İnsan kaynakları teknolojileri alanında faaliyet gösteren idenfit, Türkiye işgücü piyasasının nabzını tutan kapsamlı bir rapor yayımladı. "Kuşakların İşgücüne Etkisi Raporu," X, Y ve Z kuşakları arasındaki belirgin farkları ve bu farkların iş dünyasına yansımalarını derinlemesine inceliyor. Rapor, özellikle Z kuşağının işe bakış açısını, teknolojiyle kurduğu ilişkiyi ve kariyer yolculuklarını gözler önüne sererek iş dünyası için önemli ipuçları sunuyor.
Rapora göre, Türkiye'nin işgücü piyasası, çarpıcı bir demografik değişimden geçiyor. Z kuşağı, %57'lik rekor üniversite mezuniyet oranıyla zirveye yerleşirken, kadın çalışanların istihdamdaki oranı da %39'a ulaşarak önceki kuşakları geride bırakıyor. Bu veriler, iş hayatına yeni atılan neslin ne denli eğitimli ve yetkin olduğunu gözler önüne seriyor.
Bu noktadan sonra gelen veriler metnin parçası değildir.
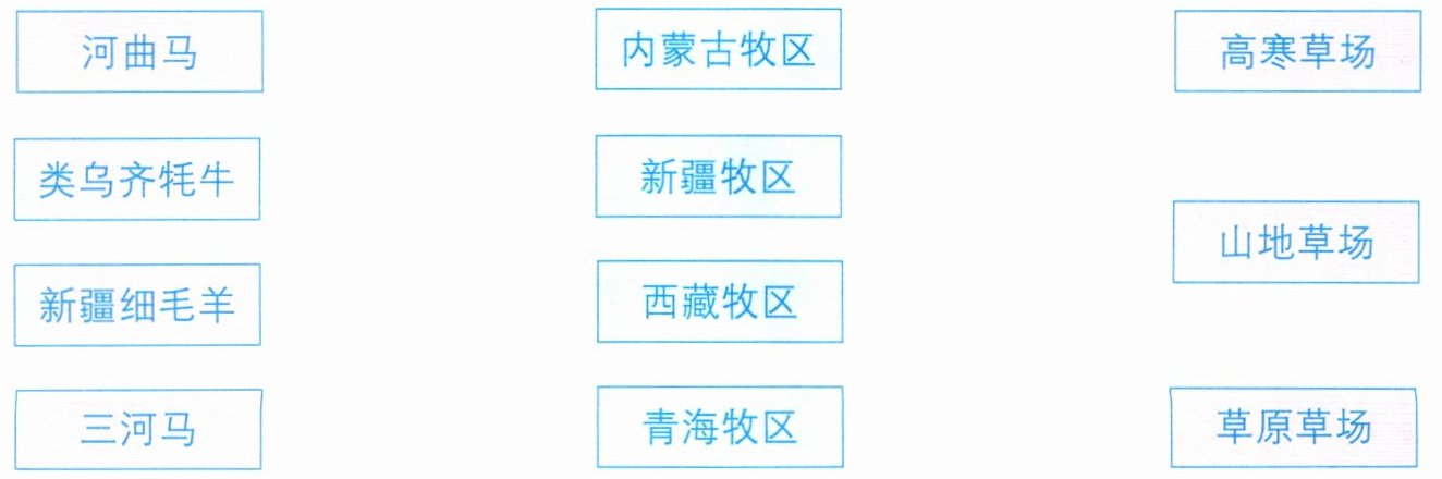 5. 中国三大自然区中的______区和______区以畜牧业为主。在图中相应位置填注四大牧区的名称,并查阅地理图册,将它们与相应的畜产品、主要草场类型连线。

Öte yandan, katılımcıların neredeyse yarısının ilkokul mezunu olduğu X kuşağıyla aralarındaki uçurum, şirketlerin İK stratejilerini ve kültürel yaklaşımlarını yenileme zorunluluğunu ortaya koyuyor. İdenfit CEO'su Nazım Onur Bayındır, bu duruma dikkat çekerek, şirketlerin yeni demografik yapıya uyum sağlamak için liderlik yaklaşımlarını ve kurum kültürlerini güncellemesi gerektiğini vurguluyor. Bayındır'a göre, bu genç ve eğitimli neslin yeteneklerini korumak ve onlara yatırım yapmak, artık bir tercih değil, sürdürülebilir başarı için bir zorunluluk haline geliyor.
Teknoloji kullanımı konusunda da Z kuşağı, dijital dönüşümün öncüsü konumunda. Rapora katılan Z kuşağının %26'sı yapay zekayı aktif olarak kullandığını belirtirken, bu oran Y kuşağında %21, X kuşağında ise sadece %8 olarak kalıyor. Bu veriler, kuşaklar arası teknolojik uçurumu ve işyerinde dijital becerilerin önemini açıkça gösteriyor. Bayındır, işgücünü bütünsel olarak dönüştürmek için her kuşağın dijital alışkanlıklarına hitap eden stratejiler geliştirilmesi gerektiğinin altını çiziyor. Aksi takdirde, işgücü sirkülasyonunun hızlanmasının kaçınılmaz olduğunu ekliyor.
Rapordaki en dikkat çekici bulgulardan biri ise Z kuşağının işyerine olan bağlılığıyla ilgili. Z kuşağı, bir işte ortalama yalnızca 7 ay kalarak "iş değiştiren nesil" unvanını alıyor. Bu süre, Y kuşağında 1,5 yıl, X kuşağında ise 2 yıla kadar çıkıyor. Ayrıca, Z kuşağı özellikle ağustos-ekim aylarında en yüksek işten ayrılma eğilimini gösteriyor. Nazım Onur Bayındır, Z ve Y kuşaklarının elde tutulması için rekabetçi ücret ve yan hakların artık yeterli olmadığını belirtiyor. Şirketlerin esnek çalışma modelleri, teknoloji odaklı ortamlar, anlamlı projeler ve şeffaf iletişim kültürü gibi unsurlarla çalışan bağlılığını güçlendirmesi gerektiğini söylüyor. Mentorluk programları ve kısa vadeli deneyimlere değer verilmesi de genç yeteneklerin kuruma olan bağlılığını artırmanın anahtarı olarak öne çıkıyor. Bu bütüncül yaklaşımın, işgücü sirkülasyonunu azaltmanın yanı sıra, sadık ve motive bir işgücü oluşturmanın da yolunu açacağı belirtiliyor.